What is expected
Reproduce, from the lines below, exactly the stretch that begins at the line containing "- goldener Reißverschluss" and ends at the line containing "This whimsical bath", both included.

Source material

__________

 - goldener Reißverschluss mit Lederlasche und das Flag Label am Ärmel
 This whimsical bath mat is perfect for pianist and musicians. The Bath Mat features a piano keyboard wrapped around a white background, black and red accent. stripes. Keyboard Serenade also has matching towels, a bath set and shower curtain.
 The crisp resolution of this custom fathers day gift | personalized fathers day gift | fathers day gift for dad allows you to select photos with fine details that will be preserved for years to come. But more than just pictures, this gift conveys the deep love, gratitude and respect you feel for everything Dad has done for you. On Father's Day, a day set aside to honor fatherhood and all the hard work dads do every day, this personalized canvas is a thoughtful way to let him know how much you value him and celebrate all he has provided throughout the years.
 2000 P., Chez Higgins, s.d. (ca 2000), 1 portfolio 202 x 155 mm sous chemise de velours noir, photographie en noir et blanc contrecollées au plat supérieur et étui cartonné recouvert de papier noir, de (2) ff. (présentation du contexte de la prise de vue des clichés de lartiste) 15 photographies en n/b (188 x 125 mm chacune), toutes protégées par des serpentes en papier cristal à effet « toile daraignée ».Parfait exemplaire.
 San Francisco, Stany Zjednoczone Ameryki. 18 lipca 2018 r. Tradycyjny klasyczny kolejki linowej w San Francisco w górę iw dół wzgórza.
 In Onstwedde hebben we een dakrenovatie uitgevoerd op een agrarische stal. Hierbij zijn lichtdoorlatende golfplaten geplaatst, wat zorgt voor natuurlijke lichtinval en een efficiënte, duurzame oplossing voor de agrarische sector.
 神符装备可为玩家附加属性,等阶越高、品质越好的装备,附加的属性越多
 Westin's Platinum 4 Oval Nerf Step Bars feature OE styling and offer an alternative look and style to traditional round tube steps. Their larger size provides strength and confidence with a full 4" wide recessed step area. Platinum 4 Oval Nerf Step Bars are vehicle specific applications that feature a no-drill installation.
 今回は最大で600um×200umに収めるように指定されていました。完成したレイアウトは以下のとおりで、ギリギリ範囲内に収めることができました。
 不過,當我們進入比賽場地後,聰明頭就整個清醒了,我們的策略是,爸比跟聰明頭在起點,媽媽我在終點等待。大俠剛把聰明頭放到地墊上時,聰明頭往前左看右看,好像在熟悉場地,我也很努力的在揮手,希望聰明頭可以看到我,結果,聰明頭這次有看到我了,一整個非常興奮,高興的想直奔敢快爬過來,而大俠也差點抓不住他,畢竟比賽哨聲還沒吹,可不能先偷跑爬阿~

__________

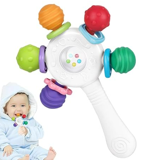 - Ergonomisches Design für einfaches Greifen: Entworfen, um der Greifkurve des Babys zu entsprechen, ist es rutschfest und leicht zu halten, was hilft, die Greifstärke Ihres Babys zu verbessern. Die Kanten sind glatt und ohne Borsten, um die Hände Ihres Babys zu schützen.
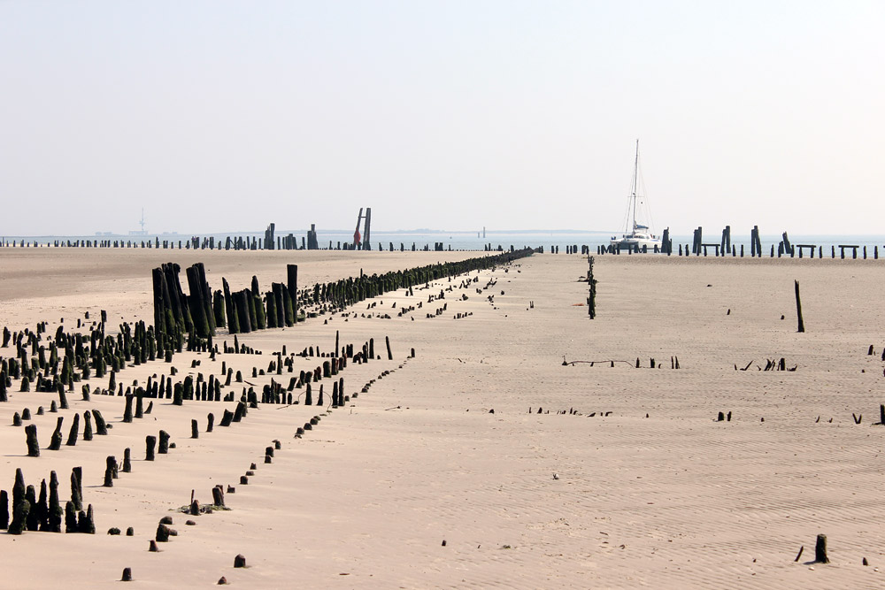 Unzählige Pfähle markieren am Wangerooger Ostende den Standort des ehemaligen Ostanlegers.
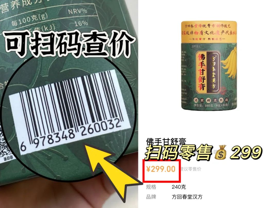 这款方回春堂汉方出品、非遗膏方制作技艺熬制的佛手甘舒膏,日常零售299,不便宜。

__________

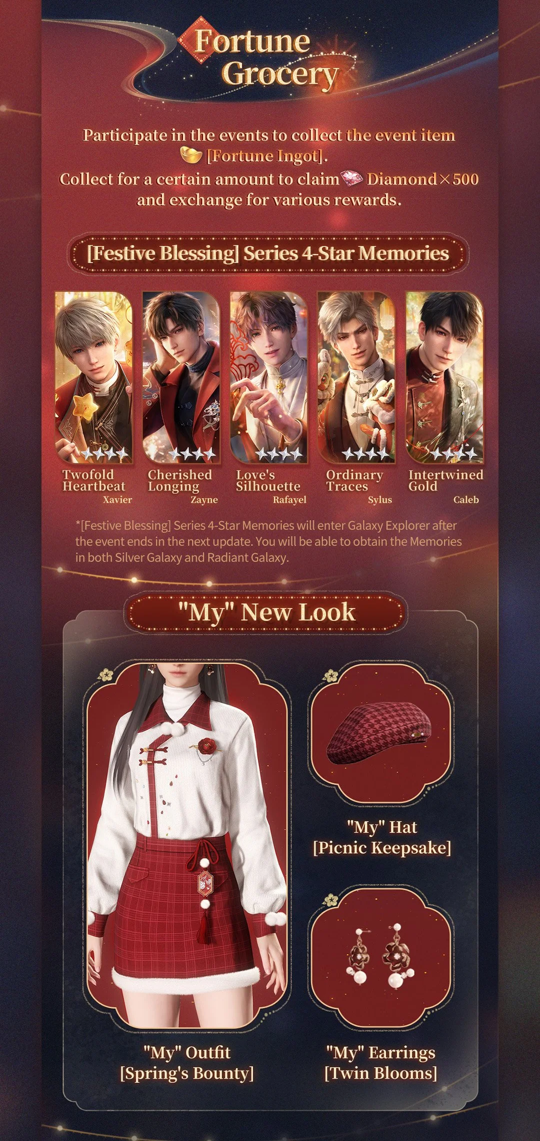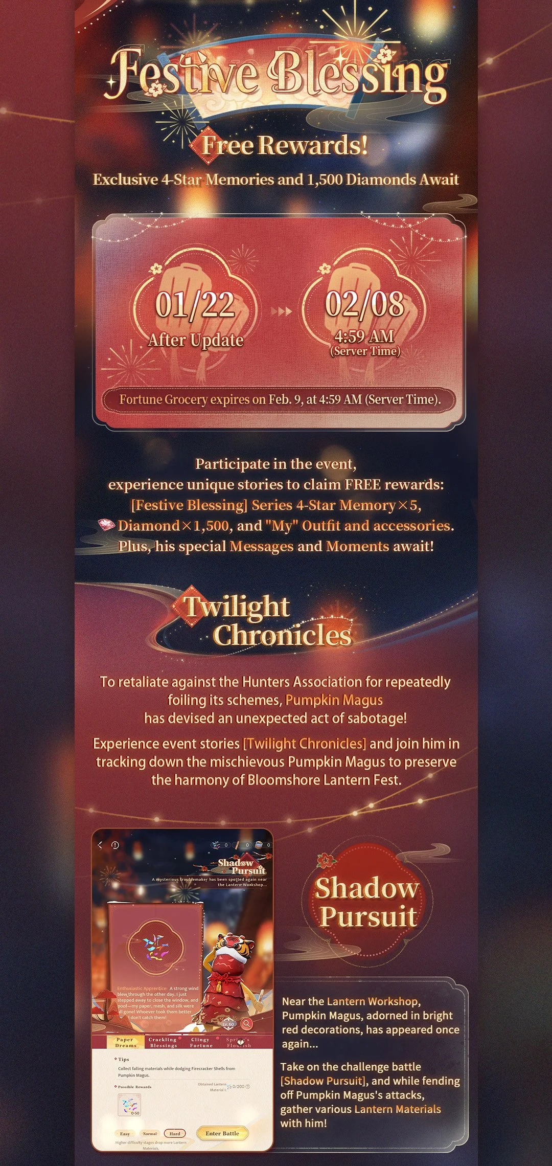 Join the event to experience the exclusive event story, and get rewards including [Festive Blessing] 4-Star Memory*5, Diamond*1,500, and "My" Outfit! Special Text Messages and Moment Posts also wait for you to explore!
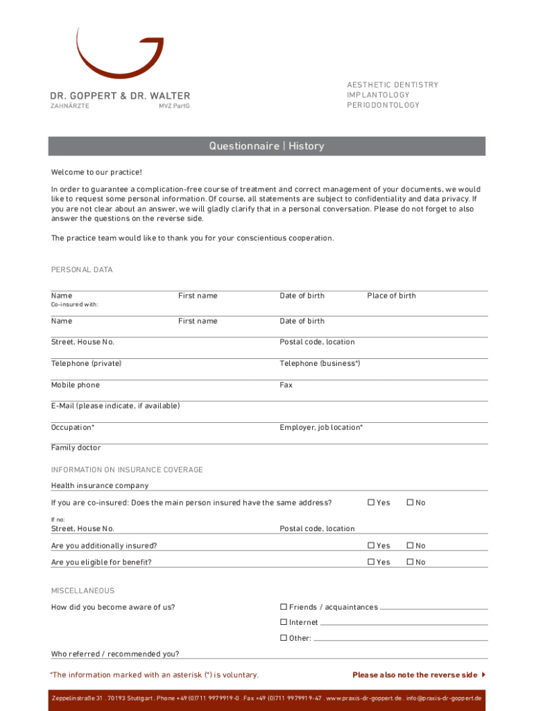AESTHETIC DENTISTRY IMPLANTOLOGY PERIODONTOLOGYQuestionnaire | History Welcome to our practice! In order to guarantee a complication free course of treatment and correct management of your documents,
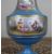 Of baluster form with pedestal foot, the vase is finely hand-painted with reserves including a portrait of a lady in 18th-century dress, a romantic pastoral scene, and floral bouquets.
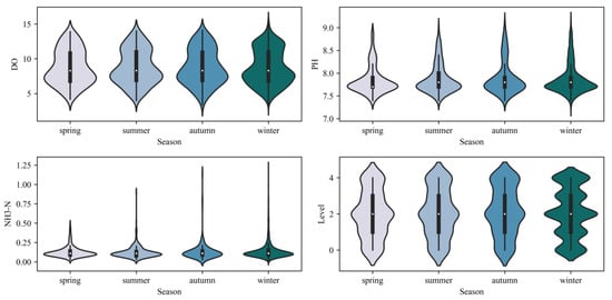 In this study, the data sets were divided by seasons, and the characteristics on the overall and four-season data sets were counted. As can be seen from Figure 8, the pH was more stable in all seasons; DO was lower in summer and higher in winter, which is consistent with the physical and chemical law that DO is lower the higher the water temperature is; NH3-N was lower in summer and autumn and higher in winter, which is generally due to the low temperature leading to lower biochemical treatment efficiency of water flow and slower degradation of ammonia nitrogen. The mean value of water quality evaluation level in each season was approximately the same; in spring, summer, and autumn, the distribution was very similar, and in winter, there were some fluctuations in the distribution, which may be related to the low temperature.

__________

Answer space
 - goldener Reißverschluss mit Lederlasche und das Flag Label am Ärmel
 This whimsical bath mat is perfect for pianist and musicians. The Bath Mat features a piano keyboard wrapped around a white background, black and red accent. stripes. Keyboard Serenade also has matching towels, a bath set and shower curtain.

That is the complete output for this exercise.